### Exercise
From the data, return each line holding the word "design".

### Input material
┌──

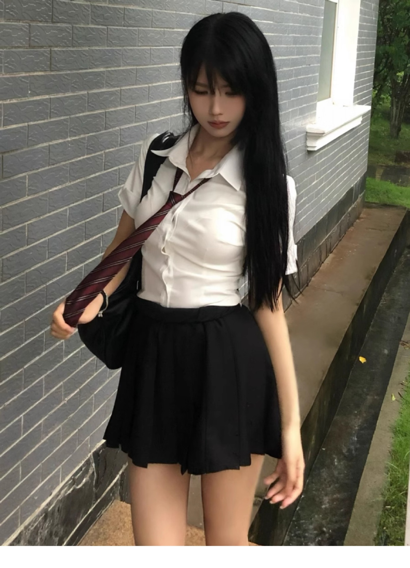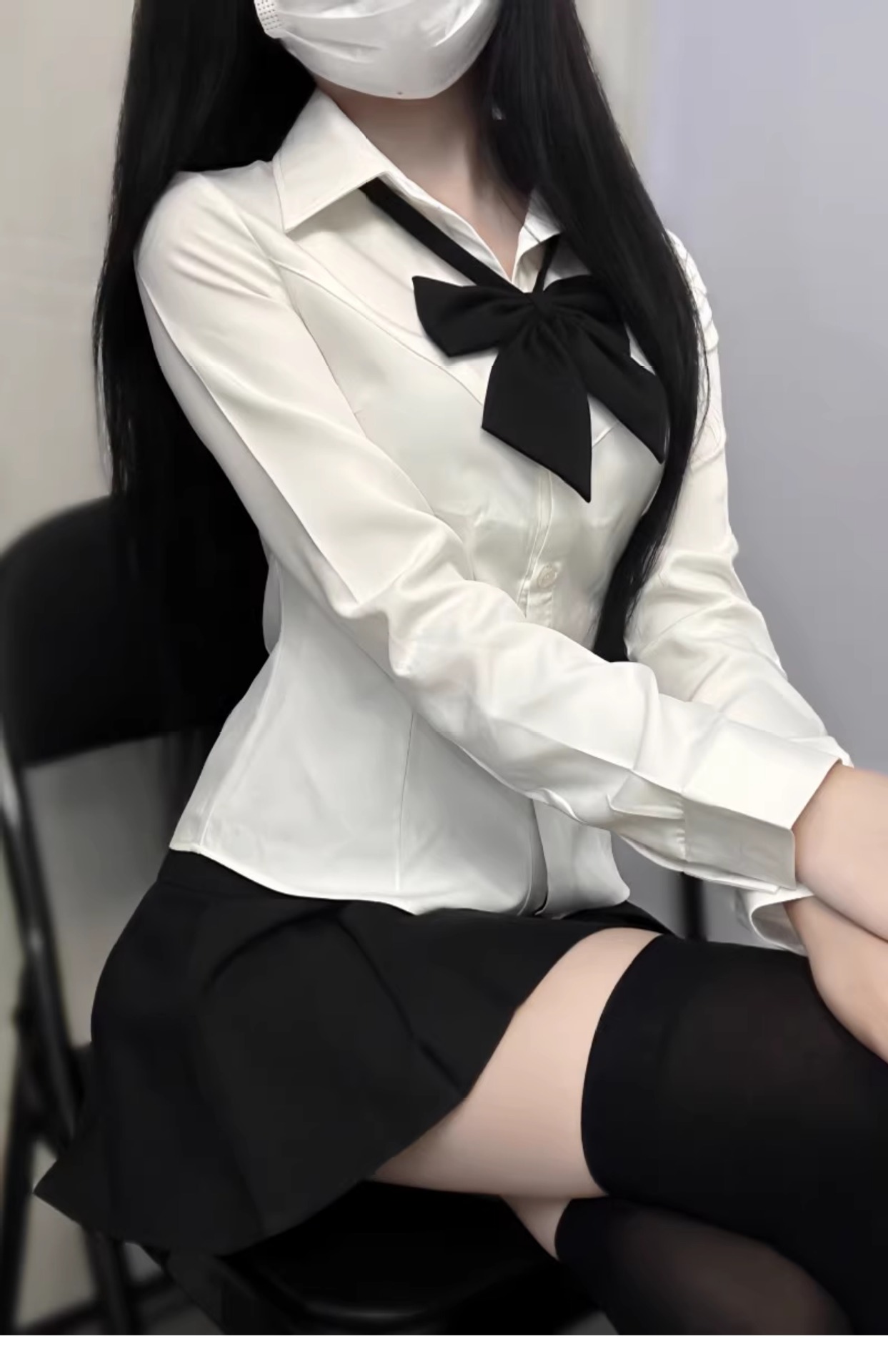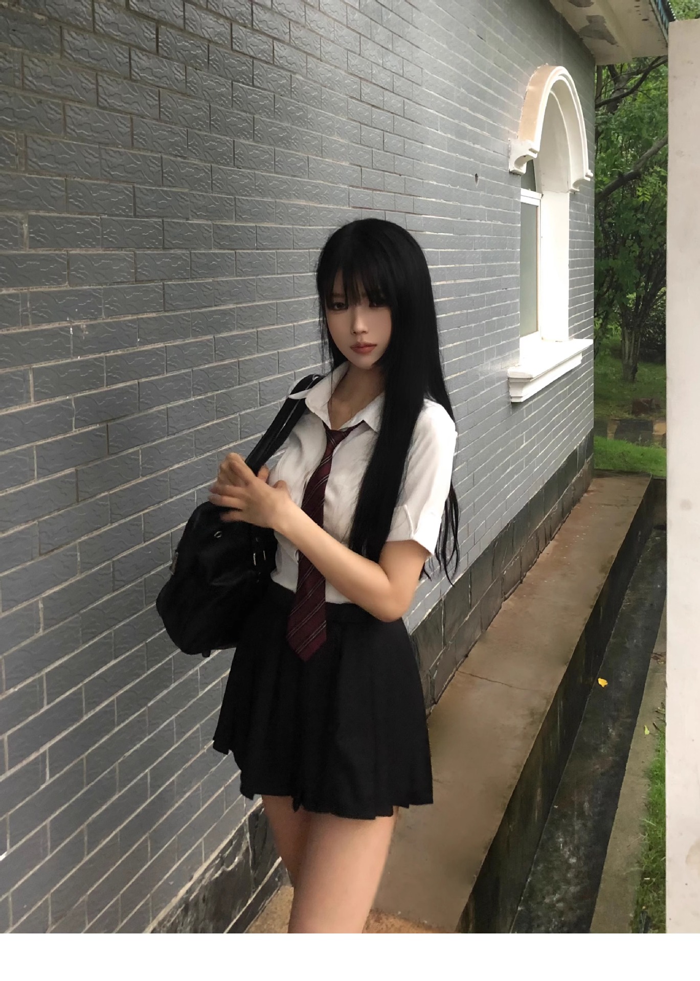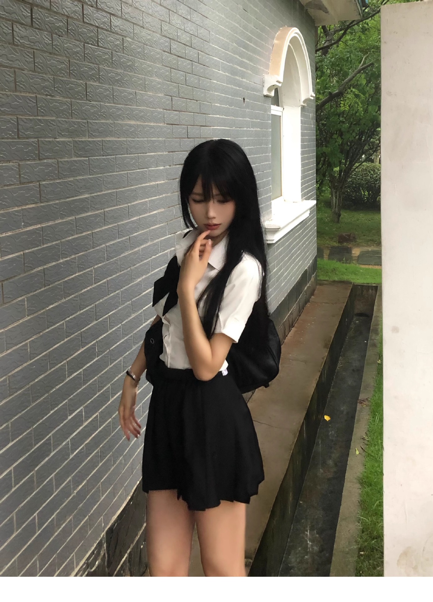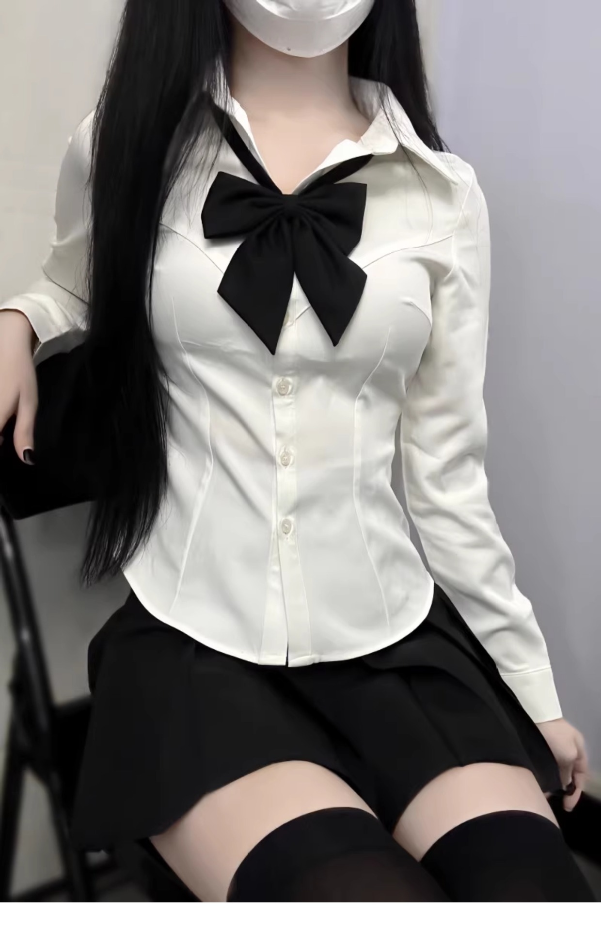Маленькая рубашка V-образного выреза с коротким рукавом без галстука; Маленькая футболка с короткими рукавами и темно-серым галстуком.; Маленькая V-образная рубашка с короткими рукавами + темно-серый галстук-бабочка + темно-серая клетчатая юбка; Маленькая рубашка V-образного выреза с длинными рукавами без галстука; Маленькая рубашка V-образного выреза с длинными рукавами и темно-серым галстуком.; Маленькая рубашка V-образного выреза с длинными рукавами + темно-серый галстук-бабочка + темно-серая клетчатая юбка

└──
┌──

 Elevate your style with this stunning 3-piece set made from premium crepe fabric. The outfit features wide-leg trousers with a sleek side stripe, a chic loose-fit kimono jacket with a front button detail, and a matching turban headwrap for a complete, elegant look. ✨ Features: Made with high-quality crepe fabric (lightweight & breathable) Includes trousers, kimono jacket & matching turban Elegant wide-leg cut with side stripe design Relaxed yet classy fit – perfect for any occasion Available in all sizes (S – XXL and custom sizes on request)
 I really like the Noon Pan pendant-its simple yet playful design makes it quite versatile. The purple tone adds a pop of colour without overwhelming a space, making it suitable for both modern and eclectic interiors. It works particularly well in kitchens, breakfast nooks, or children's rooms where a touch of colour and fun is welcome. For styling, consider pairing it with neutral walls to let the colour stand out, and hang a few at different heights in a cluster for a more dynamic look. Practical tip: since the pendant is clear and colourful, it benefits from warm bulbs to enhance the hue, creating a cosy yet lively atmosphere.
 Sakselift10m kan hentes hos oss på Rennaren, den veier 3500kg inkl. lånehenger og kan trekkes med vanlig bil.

└──
┌──

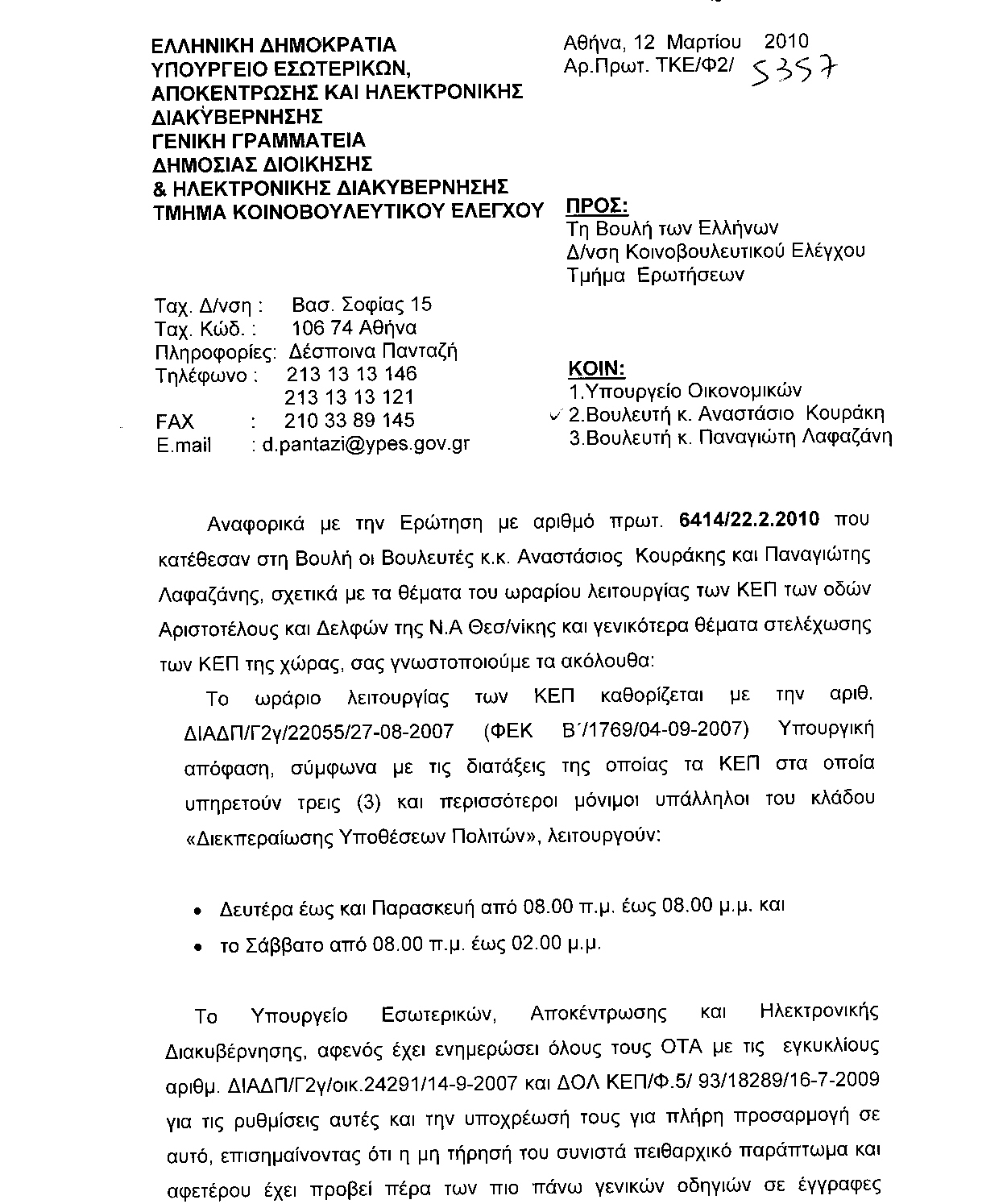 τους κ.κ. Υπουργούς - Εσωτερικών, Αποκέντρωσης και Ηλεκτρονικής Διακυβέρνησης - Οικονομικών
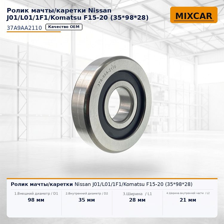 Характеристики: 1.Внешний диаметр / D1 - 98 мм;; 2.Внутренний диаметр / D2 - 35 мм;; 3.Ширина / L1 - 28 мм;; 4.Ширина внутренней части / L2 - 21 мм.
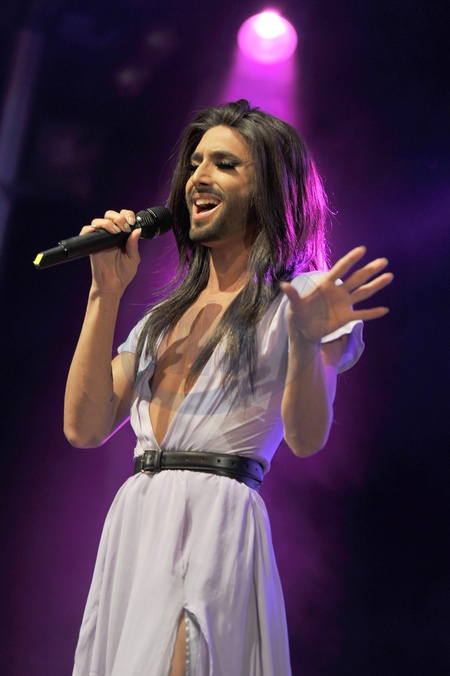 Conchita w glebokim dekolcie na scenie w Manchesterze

└──

### Response for this exercise
 Elevate your style with this stunning 3-piece set made from premium crepe fabric. The outfit features wide-leg trousers with a sleek side stripe, a chic loose-fit kimono jacket with a front button detail, and a matching turban headwrap for a complete, elegant look. ✨ Features: Made with high-quality crepe fabric (lightweight & breathable) Includes trousers, kimono jacket & matching turban Elegant wide-leg cut with side stripe design Relaxed yet classy fit – perfect for any occasion Available in all sizes (S – XXL and custom sizes on request)
 I really like the Noon Pan pendant-its simple yet playful design makes it quite versatile. The purple tone adds a pop of colour without overwhelming a space, making it suitable for both modern and eclectic interiors. It works particularly well in kitchens, breakfast nooks, or children's rooms where a touch of colour and fun is welcome. For styling, consider pairing it with neutral walls to let the colour stand out, and hang a few at different heights in a cluster for a more dynamic look. Practical tip: since the pendant is clear and colourful, it benefits from warm bulbs to enhance the hue, creating a cosy yet lively atmosphere.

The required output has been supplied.